* What this task involves *
Copy exactly the lines of the data below, beginning with the line with "Curiosity booth, winged" and ending with the line with "1998年夏,我国长江、松花". Pictures are to be omitted.

* Data provided *
────
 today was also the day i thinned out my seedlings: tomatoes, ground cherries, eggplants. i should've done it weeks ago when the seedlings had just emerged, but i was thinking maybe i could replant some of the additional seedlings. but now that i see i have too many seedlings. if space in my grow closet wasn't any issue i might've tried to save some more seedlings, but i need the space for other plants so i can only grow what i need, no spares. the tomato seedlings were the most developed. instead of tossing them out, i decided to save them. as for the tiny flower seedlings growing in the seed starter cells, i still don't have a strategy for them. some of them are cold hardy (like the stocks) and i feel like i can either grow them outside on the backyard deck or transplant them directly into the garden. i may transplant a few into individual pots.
────
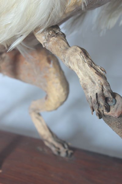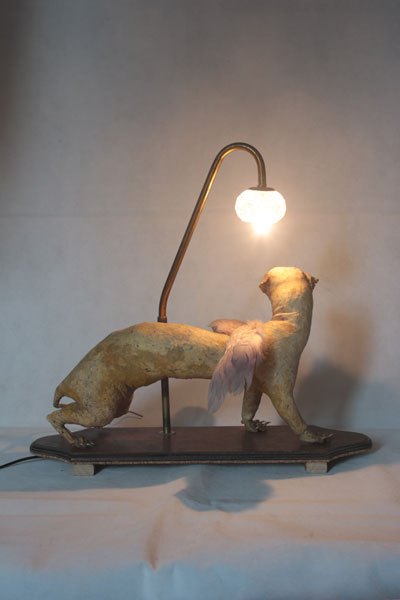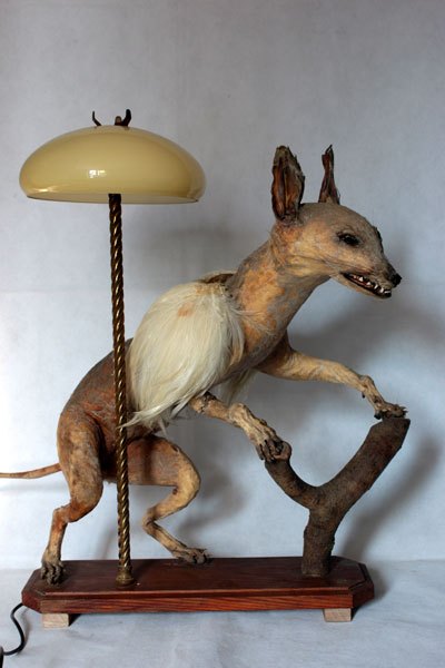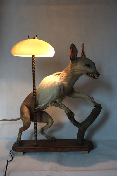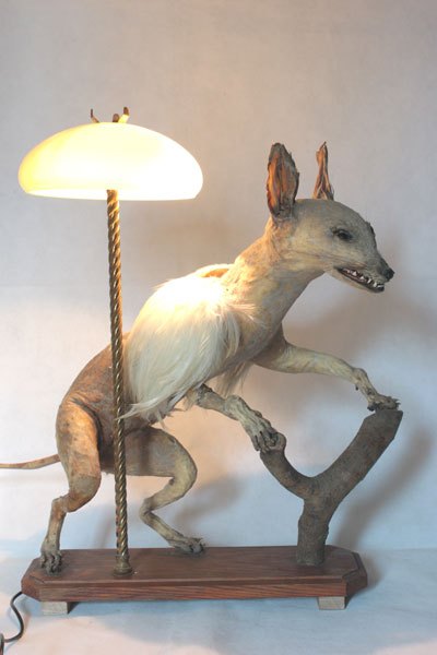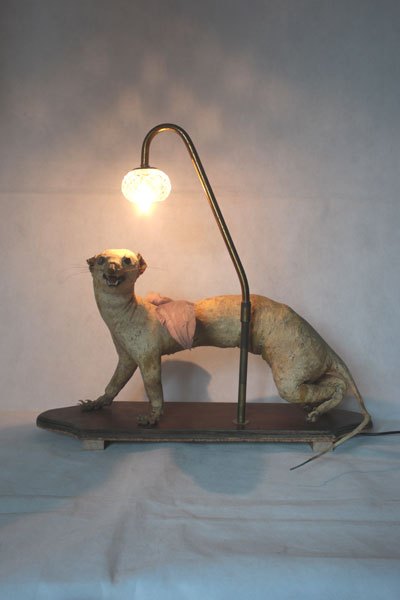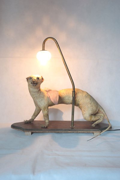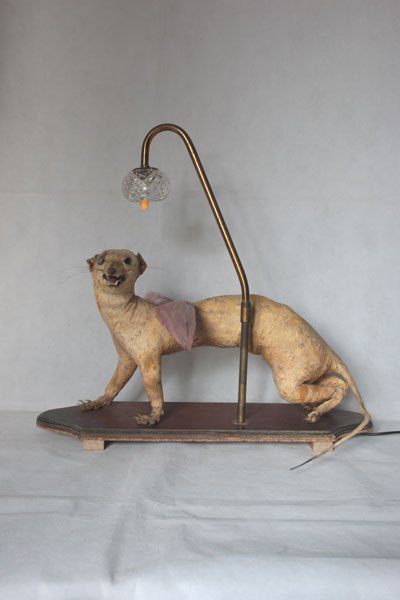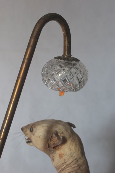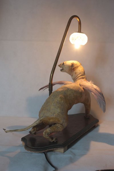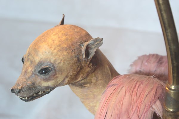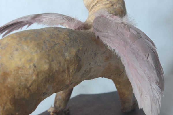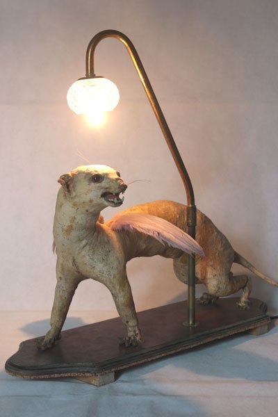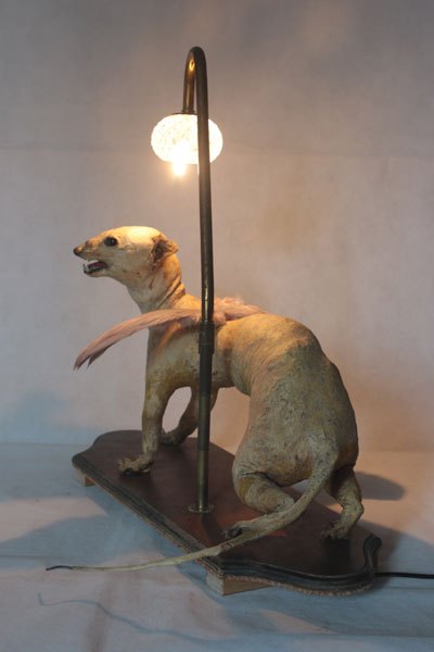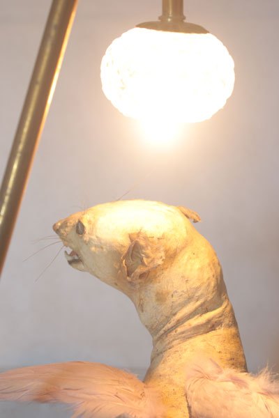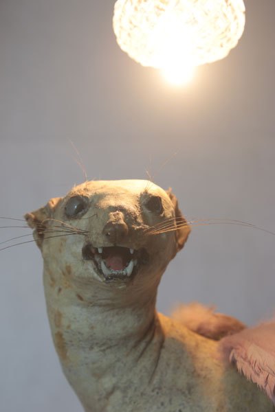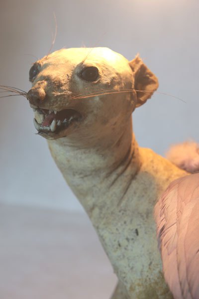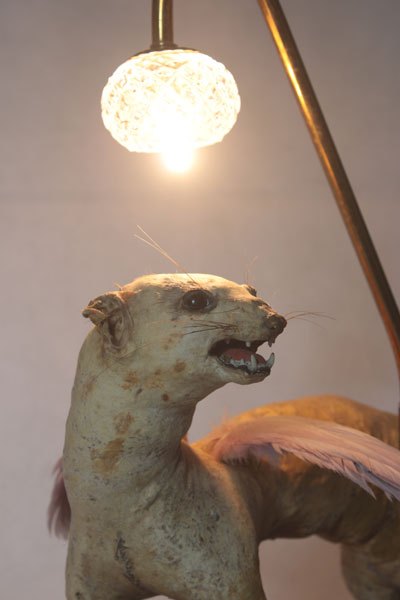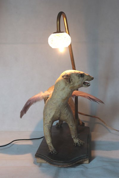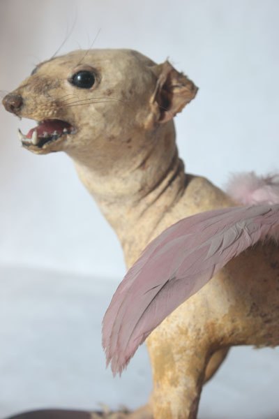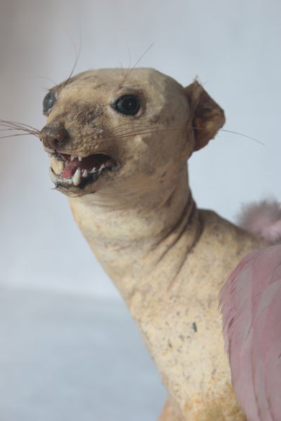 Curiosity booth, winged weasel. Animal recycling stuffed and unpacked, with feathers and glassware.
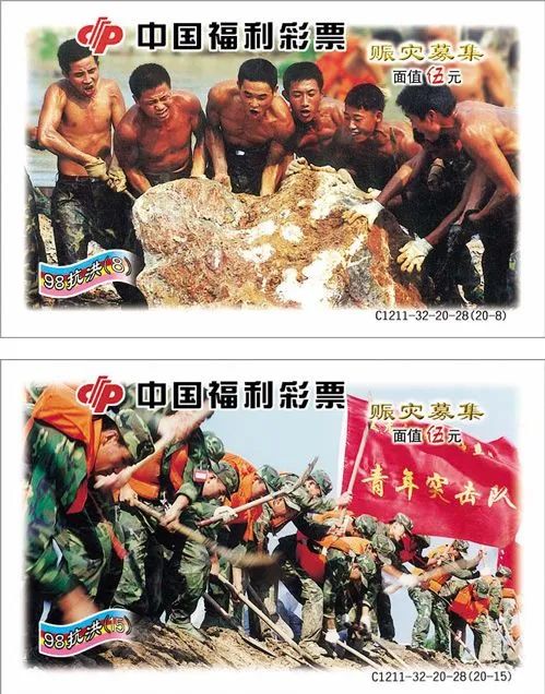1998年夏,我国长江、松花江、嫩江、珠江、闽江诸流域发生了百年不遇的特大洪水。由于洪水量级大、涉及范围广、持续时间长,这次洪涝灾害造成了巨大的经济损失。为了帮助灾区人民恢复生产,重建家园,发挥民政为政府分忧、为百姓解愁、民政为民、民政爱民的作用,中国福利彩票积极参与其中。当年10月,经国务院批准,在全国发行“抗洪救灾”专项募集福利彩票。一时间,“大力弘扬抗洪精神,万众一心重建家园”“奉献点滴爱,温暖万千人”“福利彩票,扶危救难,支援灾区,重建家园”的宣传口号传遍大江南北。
────
* Completed task *
 Curiosity booth, winged weasel. Animal recycling stuffed and unpacked, with feathers and glassware.
1998年夏,我国长江、松花江、嫩江、珠江、闽江诸流域发生了百年不遇的特大洪水。由于洪水量级大、涉及范围广、持续时间长,这次洪涝灾害造成了巨大的经济损失。为了帮助灾区人民恢复生产,重建家园,发挥民政为政府分忧、为百姓解愁、民政为民、民政爱民的作用,中国福利彩票积极参与其中。当年10月,经国务院批准,在全国发行“抗洪救灾”专项募集福利彩票。一时间,“大力弘扬抗洪精神,万众一心重建家园”“奉献点滴爱,温暖万千人”“福利彩票,扶危救难,支援灾区,重建家园”的宣传口号传遍大江南北。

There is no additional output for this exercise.